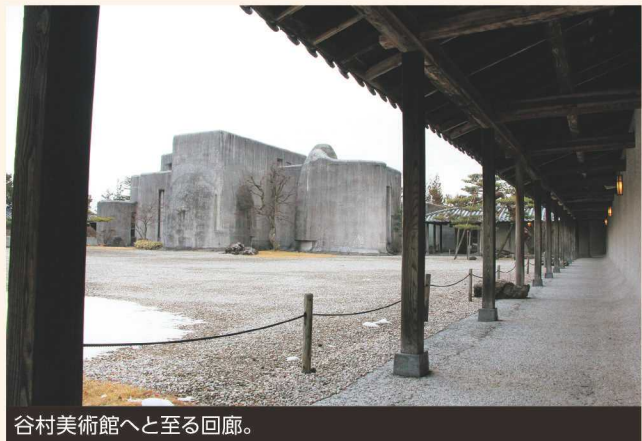
谷村美術館へと至る回廊。
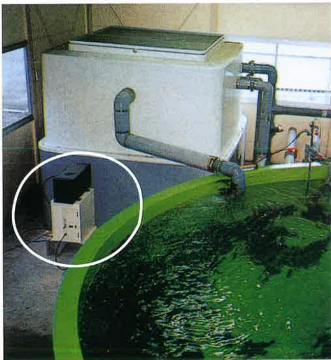
使用例：モデルSA002（水槽、循環ろ過槽は別途）
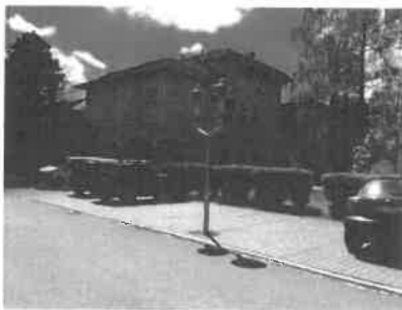
Svítlidlo VO v areálu nemocnice Opava
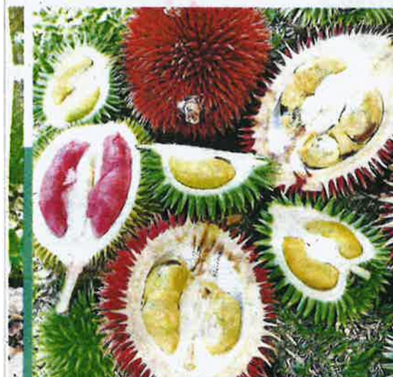
Antara durian spesies endemik yang terdapat di kawasan hutan Sabah dan Sarawak. Gambar kiri seorang pelancong asing bergambar dengan pokok durian kura-kura.
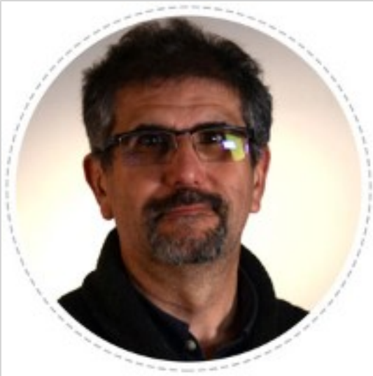
Régis GRIMAUD, Professeur des Universités Mécanismes moléculaires de l'acquisition des métaux chez les bactéries marines
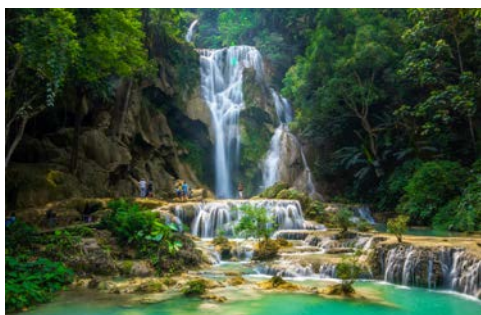
Die Wasserfälle von Kuang Si

Heute besuchen Sie einen bei den Einheimischen sehr beliebten Park mit den malerischen Kuang Si-Wasserfällen. Die türkisblauen Pools zwischen den einzelnen Kaskaden inmitten der üppig-grünen Vegetation laden vor allem an heißen Tagen zu einem erfrischenden Bad ein. Ihr Schiff schlängelt sich dann weiter südwärts. Sie passieren per Schleuse eines der größten Bauprojekte in Laos, den imposanten Staudamm bei Xayaburi. In Laos ankert Ihr Flusskreuzfahrtschiff an einer Sandbank oder am Ufer, wo Sie Ihr Abendessen an Bord inmitten ursprünglicher Natur genießen. (F/M/A)
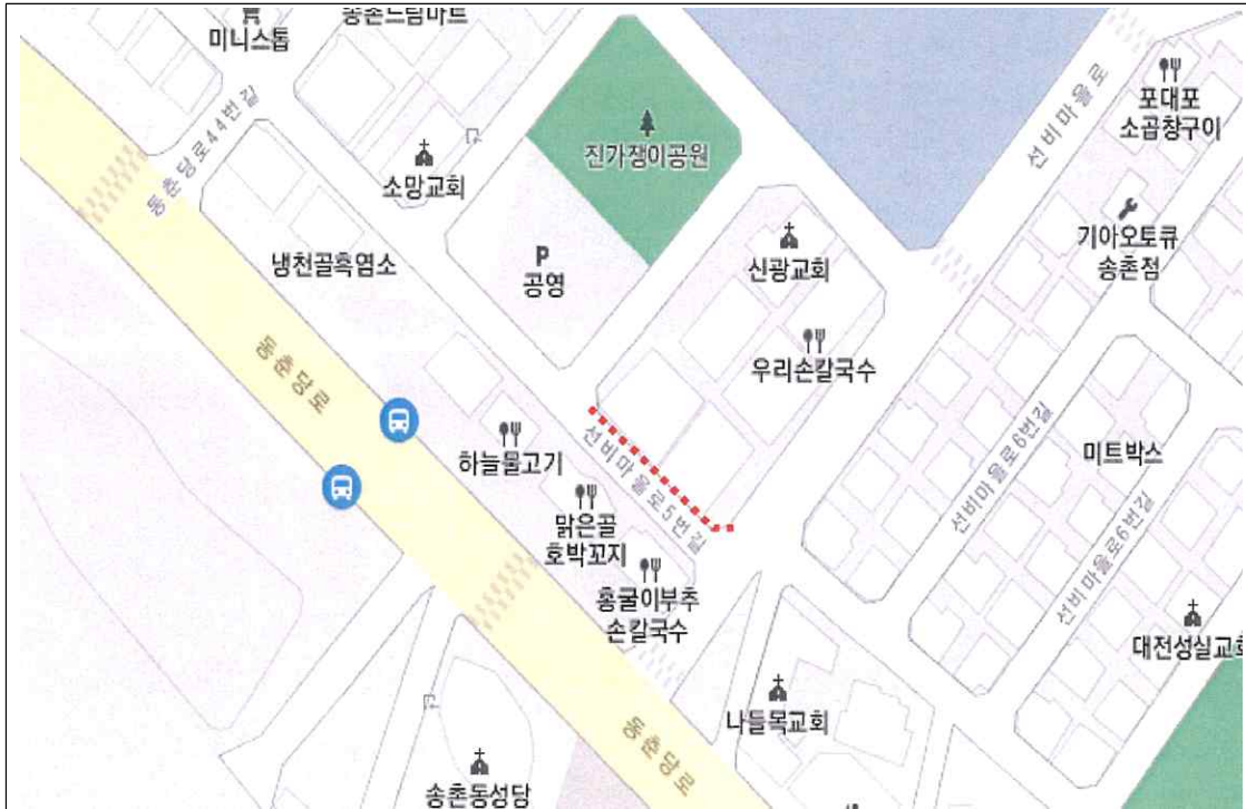
송촌동 528번지 일원
·····
▶ ASSIGNMENT: Scan the preceding records for lines with the word "Kuang". Say how many there are and nothing else.

▶ YOUR RESPONSE: 2